This study and its protocols were approved by the committee for animal research at our institution and conformed with the US National Institute of Health Guidelines on the care and use of laboratory animals.

A total of 12 male Yucatan miniature pigs weighing 70–80 kg (Optipharm Corp., Osong, Korea) were randomized into two groups using computer-generated random numbers. Group I pigs (n = 6) received three Group Ia and three Group Ib stent-grafts. Group II pigs (n = 6) received three Group IIa and three Group IIb stent-grafts. Evaluation of inflammatory markers in the blood before and after stent-graft placement was not carried out.

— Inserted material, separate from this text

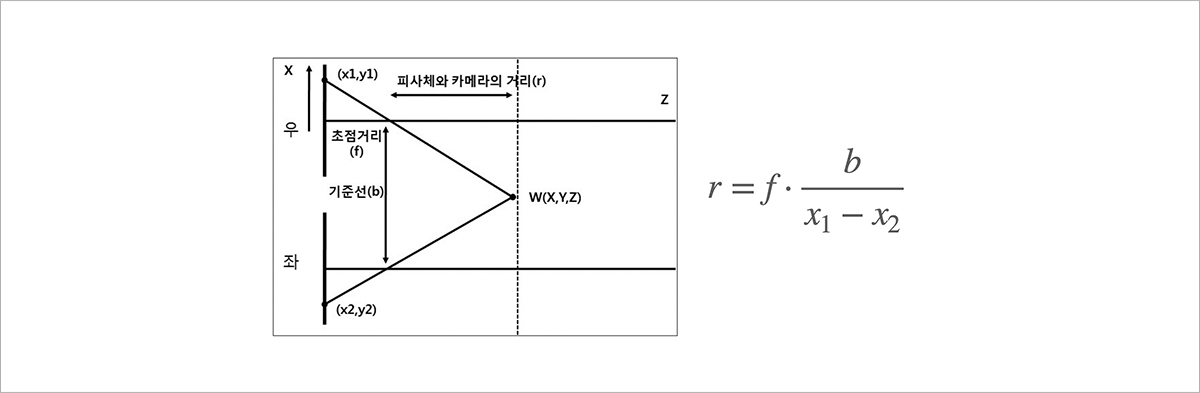 그림 7. 스테레오 방식 뎁스카메라의 원리(출처 : 염지운, and 최광순. "AR/VR HMD 에서의 입체 표현 기술 최근 연구 동향." 한국통신학회지 (정보와통신) 36.10 (2019): 3-9.)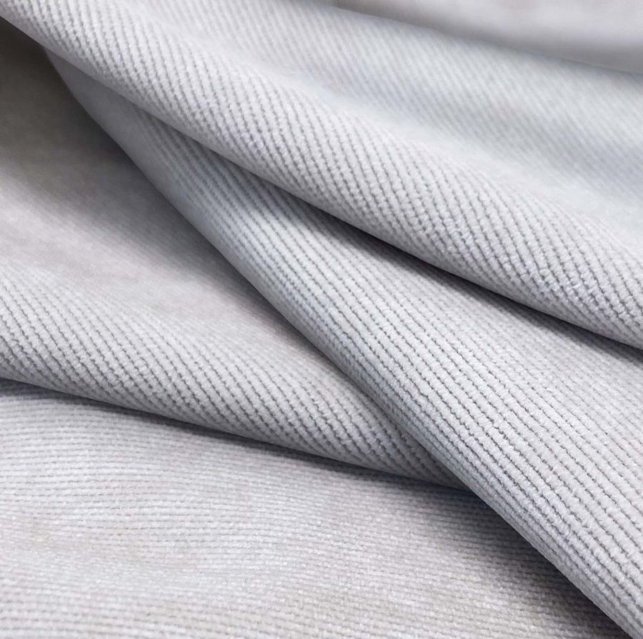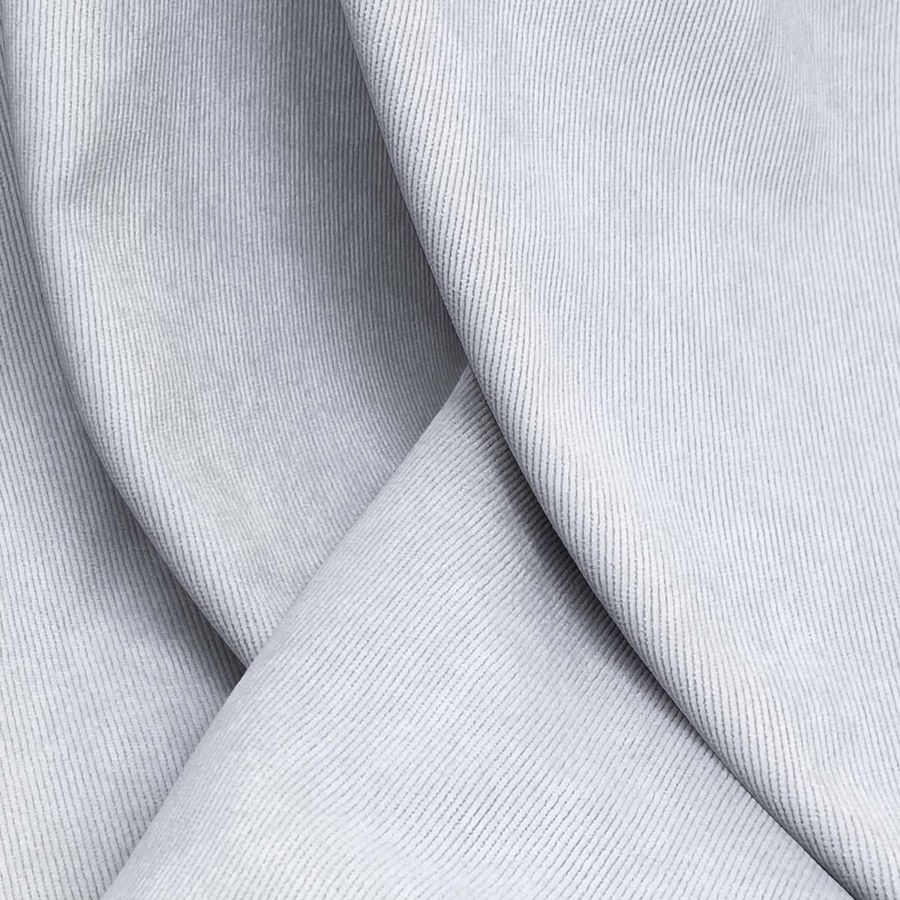 La tela base es una pana aterciopelada de composición 85% de poliéster, 12% de poliamida y un 3% de elastano con un gramaje de 280 gr/m2 y un ancho de 150 cm. El color liso impreso en la tela es un tono suave de morado lavanda, con un CMYK de 11 9 0 0, que se combina perfectamente con tonos pastel y tonos neutros como el beige o el gris. Cabe destacar que la tela está impresa con el color liso a una sola cara por impresión digital textil, no es un tejido tintado, sino que se imprime directamente en la superficie de la tela.

All pigs were euthanized for histopathological examination by overdose of xylazine hydrochloride (Rompun®; Bayer, Seoul, Korea) 4 weeks after the stent-graft placement.

Stent-Graft Placement Technique

After 24 h of fasting and under the supervision of a veterinarian, the pigs were pre-medicated with 50 mg of intramuscular ketamine, an endotracheal tube was placed, and anesthesia was administered through inhalation of 0.5%–2% isoflurane (Ifran®; Hana Pharm. Co., Seoul, Korea) with oxygen, 1:1 (510 mL/kg/min).

All devices were implanted through cut-down exposure of the femoral artery. Pre-procedural abdominal aortography with the use of 8–10 mL/s of contrast medium (CM) (Omnipaque 300®; GE Healthcare, Cork, Ireland) introduced through a 5-F pigtail catheter (Cook Medical Inc.; Bloomington, IN, USA) was performed to measure the diameter and length of the abdominal aorta using quantitative coronary angiography (CAAS™; Pie Medical, Maastricht, Netherlands). All devices were advanced and deployed at the distal abdominal aorta and the iliac artery by an experienced thoracic surgeon under fluoroscopic guidance after administration of 100 units/kg of heparin (Heparin®; Choongwae, Seoul, Korea). There were no cases of post-deployment ballooning of the prosthesis. Post-procedural abdominal aortography was performed to confirm the patency and location of the stent-graft.

Image Analysis

Computed tomography was performed 1 week before the procedure with a 320-slice CT system (Aquilion One™, Toshiba Medical Corp, Tokyo, Japan) to measure the size of the aorta. Scanning was performed from 2 cm above the diaphragm to the head of the femur. The injection rate was 8–10 mL/s, and the mean volume was 120 mL (range 80–145 mL). Follow-up CT and catheter aortography were performed 4 weeks after the procedure to verify the location of the stent-graft and detect procedure-related complications.

Analysis of CT images was performed with orthogonal two-dimensional coronal images and three-dimensional volume-rendered images generated via post-acquisition software (iNtuition™; TeraRecon, Foster City, CA, USA).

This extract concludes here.